The challenge to the neoliberal paradigm that has upended antitrust thinking in the US over the past five years has started to affect US trade policy. The two have operated quite separately over the last few decades in the US, although they shared a neoliberal paradigm that privileged a focus on efficiency and lower costs/prices.

The common connecting tissue was a view that if we eliminate barriers to the movement of capital and goods, production will migrate to places with competitive advantage (lower cost) and consumers at home will benefit from imports of cheap goods; markets will be open and contestable and as long as entry is possible, concentration will deliver efficiencies and lower prices, which again benefit consumers.

We know how the story really unfolded, the telling amplified by the pandemic, war, energy crisis, and ensuing inflation. Capital and goods can move fast, people don’t – so globalisation often meant impoverishing communities at home which did not end up benefiting from ‘trickle-down’ growth theory (Rodrik 2011).

Antitrust was captured by a pro-corporate efficiency paradigm which assisted concentration across the economy and forgave all sort of conduct that squelched, maimed, or simply bought up any challengers.

The major shift that has taken place over the last few years is that antitrust has been substantially redirected, at least in the US, from caring for ‘consumers’ (a narrative now almost synonymous with corporate interest) to a focus on ‘citizens’ (workers, farmers, small businesses, communities), with an explicit ‘antimonopoly’ agenda.

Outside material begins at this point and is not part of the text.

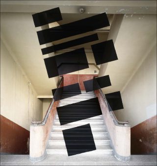 Chambéry, la photographie de Georges Rousse, représente, quant à elle, une architecture qui porte un motif de forme géométrique. Le processus de création de Georges Rousse se décompose en deux temps : il peint un espace architectural de façon à créer une anamorphose : des formes qui, vues depuis un point défini et selon un angle bien précis, dévoilent une image géométrique. En photographiant cette image, Georges Rousse fait apparaître et pérennise un espace qui n’existe pas dans la réalité. L’œuvre fixe un point de vue fugace comme un fantôme, une apparition qui s’efface aussitôt.
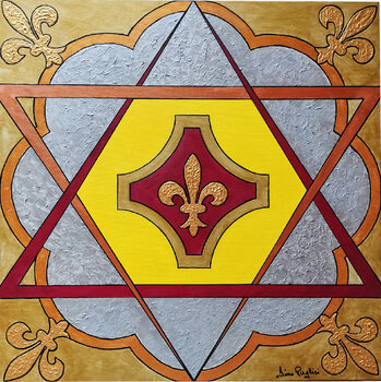 Ich habe dieses Werk geschaffen, um die Harmonie zwischen Form und Symbol zu erforschen. Mit Acrylfarben habe ich figurative, geometrische und symbolische Stile kombiniert, um Ausgeglichenheit und Stärke zum Ausdruck zu bringen. Helle Farben, durchzogen von geometrischen Formen, vermitteln ein Gefühl von Ordnung und Mystik. Jedes Element, von der goldenen Lilie bis zu den Kontrastfarben, soll positive Energie und ein Gefühl der Geborgenheit in Ihr… Zuhause bringen.

And this fundamental shift in antitrust posture and focus is also leading to ‘trade orthodoxy’ being challenged from within. US Trade Representative Katherine Tai has been calling out the “idolization of efficiency in trade” and started to join the dots with a notable speech in June 2023.

At a recent major antitrust conference in Brussels, she went further: “the change vectors we are grappling with in trade are the same you are grappling with in antitrust. The free trade paradigm of the last few decades was built on a fixation for maximizing efficiency, and liberalization of trade became an end in itself, perpetuating a race to the bottom: cutting costs, exploiting people and planet. Just as antitrust has been detaching from the consumer welfare standard, we need to think about the humans in the economy as not just consumers. They are also workers. We cannot pursue policies to benefit people as consumers if those are impoverishing people as workers.”

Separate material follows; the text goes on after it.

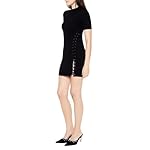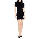 A knit sweater dress featuring a crew neck, short sleeves, lace-up side design, mini length, and bodycon silhouette.

Further, “the injection of public interest is also a big theme in trade, we are breaking out of the proxy that what is good for the biggest corporate stakeholders in our system equals what is good for America and Americans as a whole – we’ve seen over time that just isn’t happening.”

This is a major change of direction at US Trade, reflecting a recognition that the antimonopoly battle at home should not be contradicted or undermined by trade rules that for too long have been designed by the same leading US corporations, and shaped to benefit them.

But also a recognition that in a connected world where every country should be an equal at the table, trade rules that are made by Global North corporations to benefit owners of capital and data are harmful to global efforts to protect fundamental rights, reduce inequality, and democratise economic opportunities.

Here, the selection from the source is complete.